◆ Source data ◆
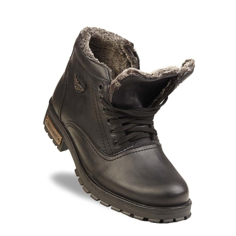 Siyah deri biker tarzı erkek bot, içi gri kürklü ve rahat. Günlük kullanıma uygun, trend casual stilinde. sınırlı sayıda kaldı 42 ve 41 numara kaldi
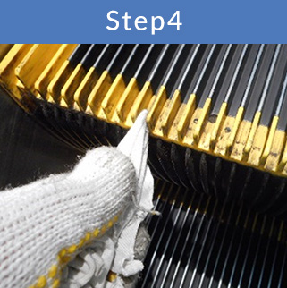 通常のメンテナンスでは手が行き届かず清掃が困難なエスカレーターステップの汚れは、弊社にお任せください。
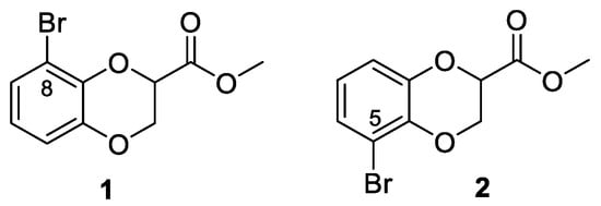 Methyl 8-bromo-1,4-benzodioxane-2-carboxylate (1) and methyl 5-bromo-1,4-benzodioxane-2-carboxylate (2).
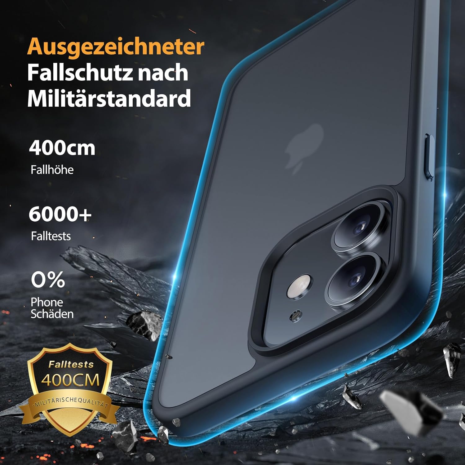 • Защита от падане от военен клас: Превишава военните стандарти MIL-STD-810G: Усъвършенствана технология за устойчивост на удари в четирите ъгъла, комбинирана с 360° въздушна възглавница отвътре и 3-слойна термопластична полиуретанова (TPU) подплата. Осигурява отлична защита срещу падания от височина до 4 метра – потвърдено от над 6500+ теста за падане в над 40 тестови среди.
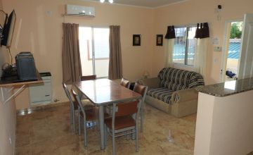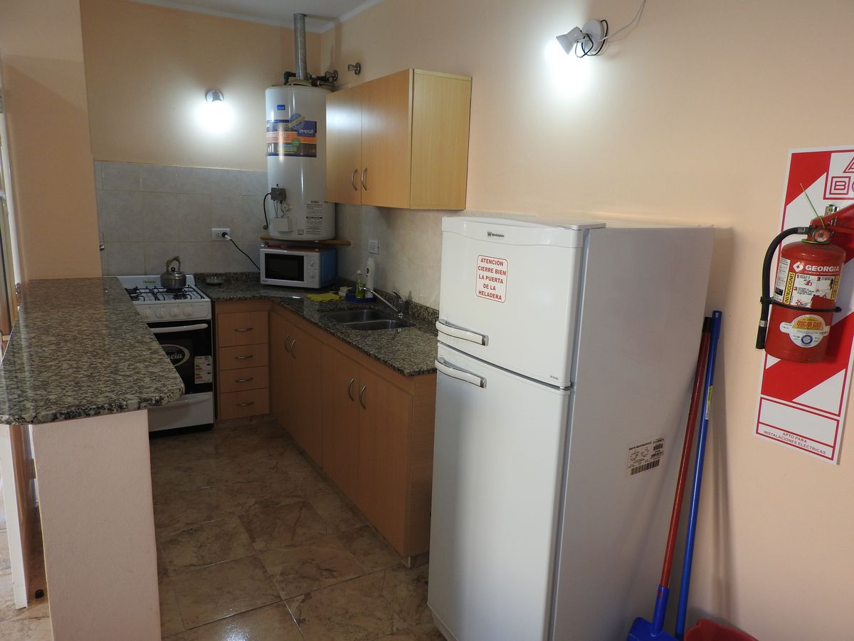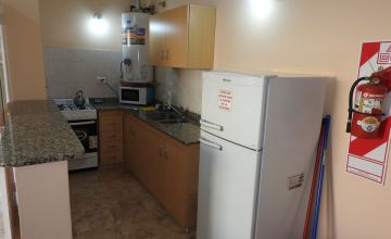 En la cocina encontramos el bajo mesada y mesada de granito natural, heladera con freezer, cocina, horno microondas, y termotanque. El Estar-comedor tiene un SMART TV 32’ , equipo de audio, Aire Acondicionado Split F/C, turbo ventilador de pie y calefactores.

◆ What you need to do ◆
Each line from the first line of the entries through the line containing "Methyl 8-bromo-1,4-benzodioxane-2-carboxylate (1)" should be duplicated word for word, and nothing more; the pictures stay out.

◆ Written answer ◆
 Siyah deri biker tarzı erkek bot, içi gri kürklü ve rahat. Günlük kullanıma uygun, trend casual stilinde. sınırlı sayıda kaldı 42 ve 41 numara kaldi
 通常のメンテナンスでは手が行き届かず清掃が困難なエスカレーターステップの汚れは、弊社にお任せください。
 Methyl 8-bromo-1,4-benzodioxane-2-carboxylate (1) and methyl 5-bromo-1,4-benzodioxane-2-carboxylate (2).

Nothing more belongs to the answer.